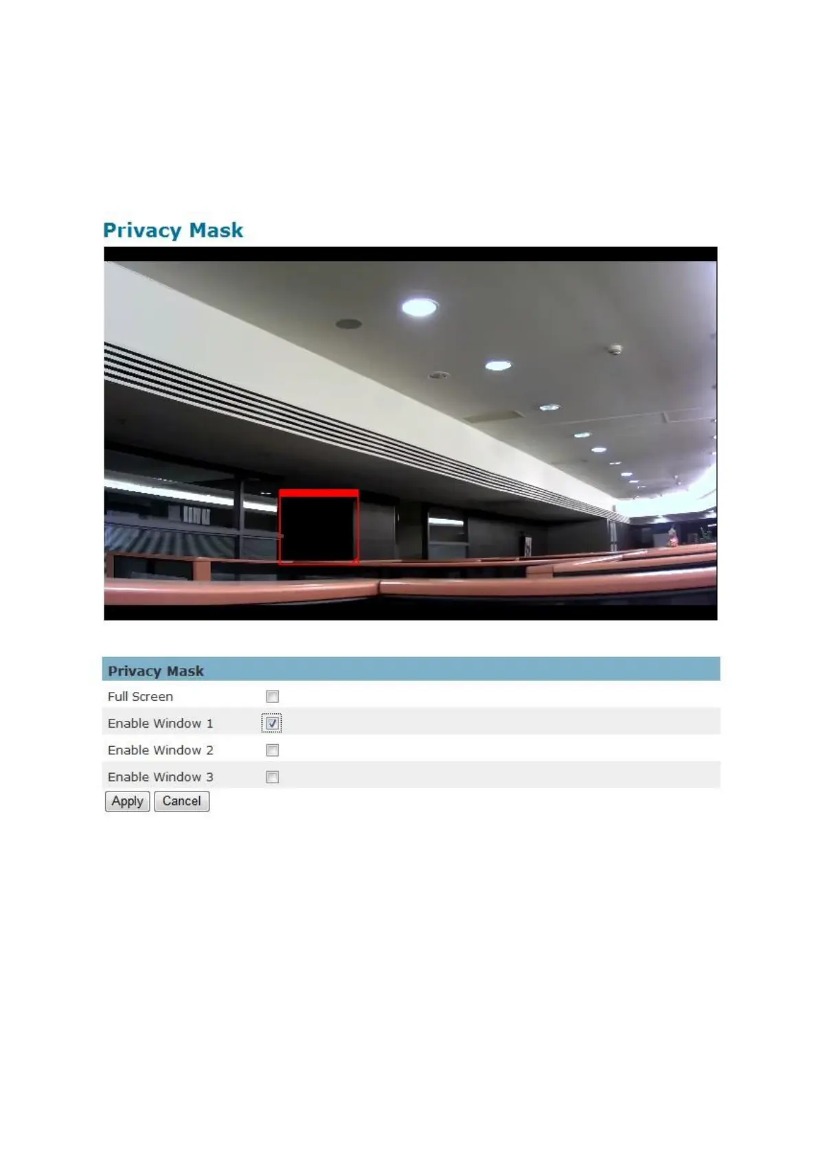 and recording from the camera. Configure the privacy windows for up to three individual
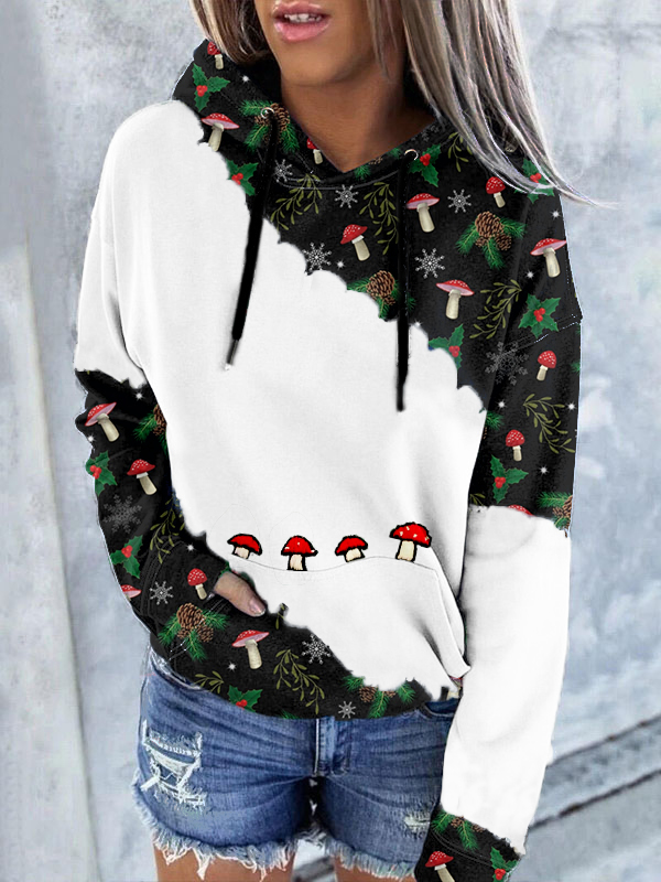 Cute Mushrooms Embroidery Art Contrast Comfy Hoodie
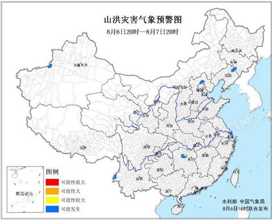 中国天气网讯 水利部和中国气象局8月6日18时联合发布山洪灾害气象预警:
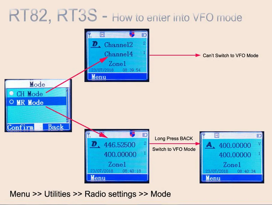 - Click “Menu” and select: Utilities > Radio Settings > Mode > CH Mode.
====================
WHAT THE EXERCISE ASKS: Retype the data above as given, letting no picture into the copy.

WRITTEN ANSWER:
 and recording from the camera. Configure the privacy windows for up to three individual
 Cute Mushrooms Embroidery Art Contrast Comfy Hoodie
 中国天气网讯 水利部和中国气象局8月6日18时联合发布山洪灾害气象预警:
 - Click “Menu” and select: Utilities > Radio Settings > Mode > CH Mode.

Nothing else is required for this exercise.